LA MUDEZ DE LA H
por
-Roger Vilain-
Twitter: @rvilain1
Hay gente que no habla, que nunca lo ha hecho. Existen personajillos incapaces de decir esta boca es mía. Muchos se quedan sin voz cuando más les urge gritar. Y otros echan mano del mutismo como mecanismo para mirarle el rostro a los dioses, para lograr con él ese estado místico previo a la comunión divina.
Lo anterior es parte de la vida, o así me parecía. Por ejemplo, cuando observaba en la niñez a dos señores parloteando gracias a la lengua de señas, nada, era una forma extraña de decir las cosas, pero qué importaba. Ahora bien, lo que me costó entender, lo que jamás logré arrancar de mi asombro fue que la hache fuera muda. ¿Cómo iba a ser? ¿Qué entuerto fascinante arrojaba semejante afirmación? Una vez le pregunté a la maestra si las letras conversaban. Llegué aquella mañana con el morral a cuestas disparando a quemarropa:
-Maestra, ¿la efe puede hablar con la doblevé?
Aún recuerdo su reacción, su sonrisita, su cortés invitación a formar fila, a estarme quieto, a apurarme para cantar el himno.
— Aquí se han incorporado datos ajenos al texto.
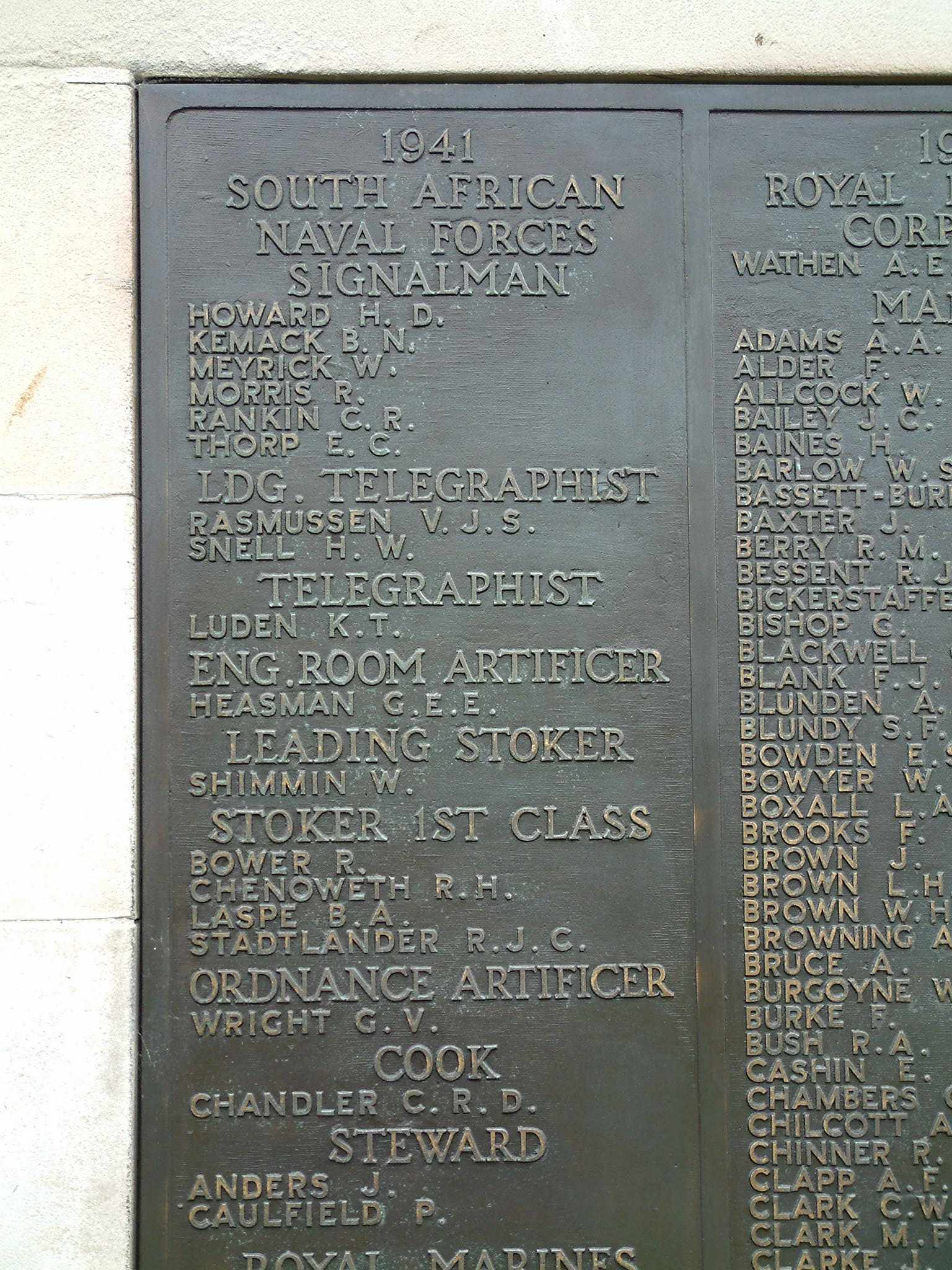 Son of Mr. and Mrs. H. H. T. Luden, of Maitland, Cape Town, South Africa. From Robben Island, South Africa. On Robben Island Garrison Church Memorial

Lo canté, y mientras lo hacía imaginaba un romance entre la corpulenta be mayúscula y la mínima ere, y me preguntaba cómo haría la í de María si se enamoraba de aquella lejana eme. Qué trucos inventaría la a para besar a la espigada ele en un universo como Claudia, y así. Pensaba en el caos, analizaba variables, sacaba conclusiones. La mudez de la hache era un misterio que esa misma noche me produjo fiebre. Llegué a soñar con ella: la hache, pobrecita, sentada en el último pupitre, perdida en su mutismo mientras a su alrededor danzaban letras parlanchinas. Soñé con la palabra alcohol, que yacía inmensa, azulada, en su frasco sobre el cajón de los primeros auxilios. Vi en sueños a Honduras, de cuya existencia supe por la clase de Sociales. Apareció hamaca y, años después, la majestuosa Alhambra.
La escuela sirvió poco para iluminar estos enredos. Un profesor de Castellano respondió alguna vez que era muda porque le habían comido la lengua los ratones, y en ese mismo instante el tipo me pareció despreciable, el colmo de la estupidez hecha persona. Que la hache fuese muda era muy triste, y también injusto, claro, ¿por qué ella sí y las demás no? Surgió entonces una pregunta filosófica, comenzó a aflorar el sentimiento descorazonador de que las cosas pueden ser precarias, de que la relatividad es una presencia común en la vida cotidiana.
Cierta vez, en cuarto grado, me dio por escribir helementhal en un examen, y camihón y habuelita y chondhucto haudhithivho hextherno. Si la hache era muda, total, serviría para jugar. Me suspendieron la prueba, me regañaron en la escuela, llamaron a mis padres con la urgencia que el caso ameritaba. Llegué a pensar que querían enmudecerme. Imaginé a mi pobre amiga, aquella hache silente, y supuse cuál sería su historia. Entendí el misterio, comprendí al dedillo por qué se estaba como si nada ante la algarabía que la rodeaba en una palabrita tan dinámica como alharaca. En esa fiesta sí que no había piñatas para ella.
Sonreí. Sentí el alivio de un peso menos sobre los hombros. Había descubierto algo nuevo: el lenguaje también tenía su lógica, la escuela era un lugar contradictorio, la hache era la letra más divertida del abecedario.
Aquel día supe que un montón de cosas importan un pepino.